I spoke to my psychologist the following session – I celebrated identifying my feelings but what next?!
She asked me to repeat the thoughts I had spoken to myself, once I had figured out I was feeling ‘unsafe’.
I thought back and told her it went something like this “Why are you feeling unsafe? Stop being stupid, the construction workers are doing their job and it’s got nothing to do with you.”
She smiled and gently suggested I tried a more compassionate approach, “Why don’t you tell yourself, ‘I’m safe now, this is not the same’.”
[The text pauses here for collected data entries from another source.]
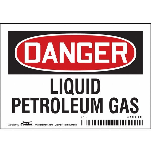 Safety Sign, Horizontal Rectangle, Number of Printed Sides 1, English, Sign Format Traditional OSHA, Sign Legend Liquid Petroleum Gas, Sign Legend Background Color White, Sign Legend Style Text
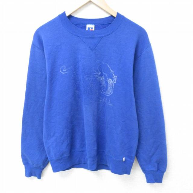 【商品名】 M★古着 ラッセル 長袖 スウェット メンズ 90年代 90s バレーボール クルーネック USA製 青【spe】
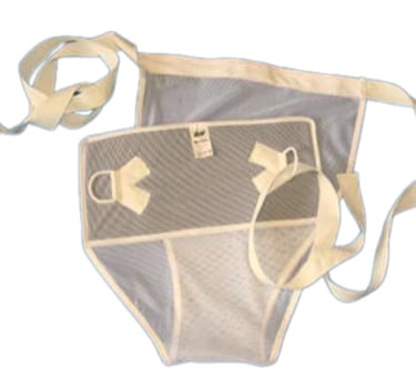 Pettorina in tessuto traforato indicata per pazienti costretti a prolungati periodi in carrozzina o su sedia comoda. Lo speciale disegno a “T” suggerisce la postura del paziente evitando il ribaltamento in avanti e lo scivolamento verso il basso. Dotata di nastri per il fissaggio regolabili mediante una fibbia scorrevole in plastica che la rendono adattabile a ogni circonferenza dell'addome e all'utilizzo su qualsiasi modello di carrozzina o comoda. La fibbia garantisce anche un “rapido sgancio” in caso di emergenza. Chiusura posteriore su pad con ganci.
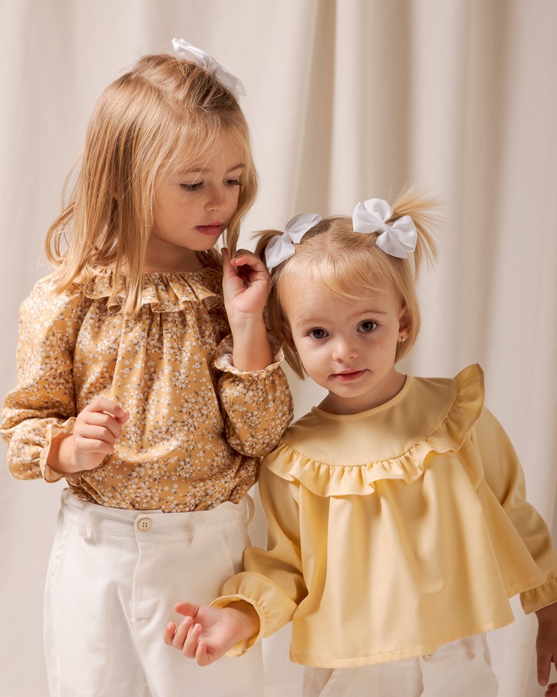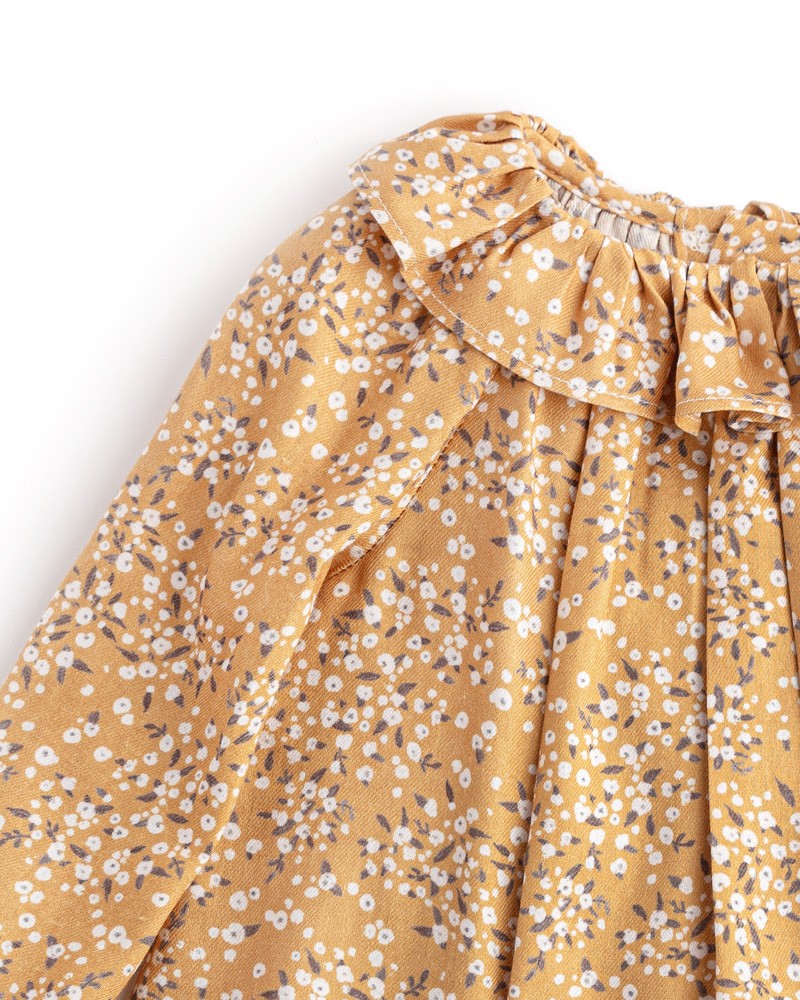 Camisa para niña con estampado floral en tono ocre y blanco con detalles de volantes en cuello y mangas. Una camisa perfecta para el otoño, que combinará genial con pantalones o faldas en blanco o marrones.
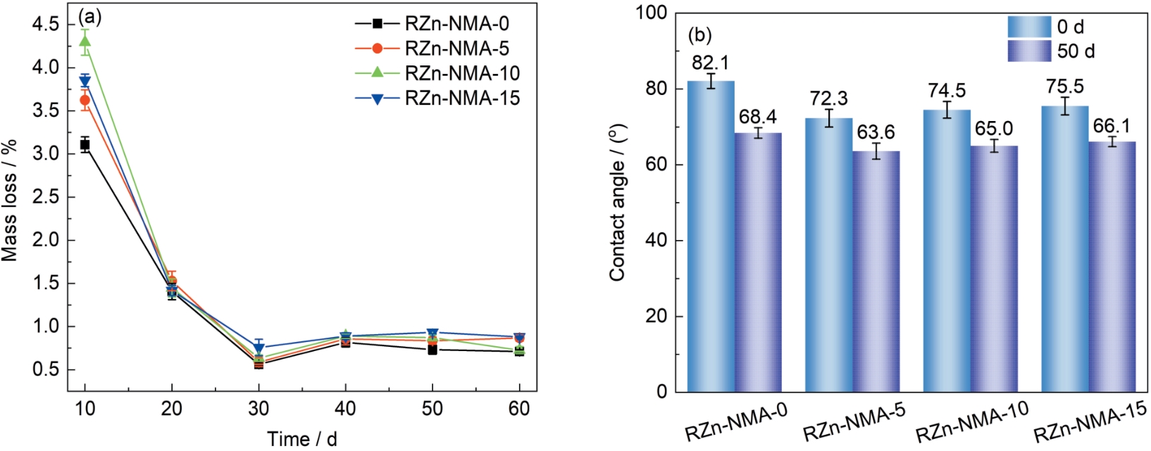 | Fig.5 Mass losses of RZn-NMA-X polymer coatings during immersion in seawater for 60 d (a), and changes of contact angle for the coatings before and after 50 d soaking (b) |

So the next day I walked past the construction site again, the same feelings of anxiety rose and instead of letting me judgmental inner voice speak, I told myself, “I’m safe now”.
Instantly, my heartbeat stopped it’s 100 m dash and went for a relaxed victory lap instead. I casually walked home, past the kitchen – without any desire to stuff my feelings away.
It was a big win after years of having no idea what was going on. It doesn’t explain why I reach for cookies in a multitude of other reasons, but it was the first taste of victory after a decade of defeat and I believe there will be many more wins.
Jesus came to save us and give us full lives - it doesn’t mean we will be free from suffering, but it does mean, that we don’t always have to suffer.
Many of us have gone through some sort of trauma or multiple traumas at different points in our lives – and even if we’ve grown from it, we can still carry scars that hold us back. If this is you, then I hope sharing this part of my story will help you also to connect with your feelings and your thoughts and to speak to yourself with the compassion that Jesus would.
If you felt like you can’t change, I hope my story encourages you to get the help you need. My prayer is that you get to know Jesus and experience the life that He came to give you – a life lived to the full!
Melissa Ramoo is a physiotherapist, Pilates instructor and studying a bachelor of Ministry at Morling College in Sydney. She’s married to her husband Roshan and has a Boston Terrier named Hercules who is completely doted on.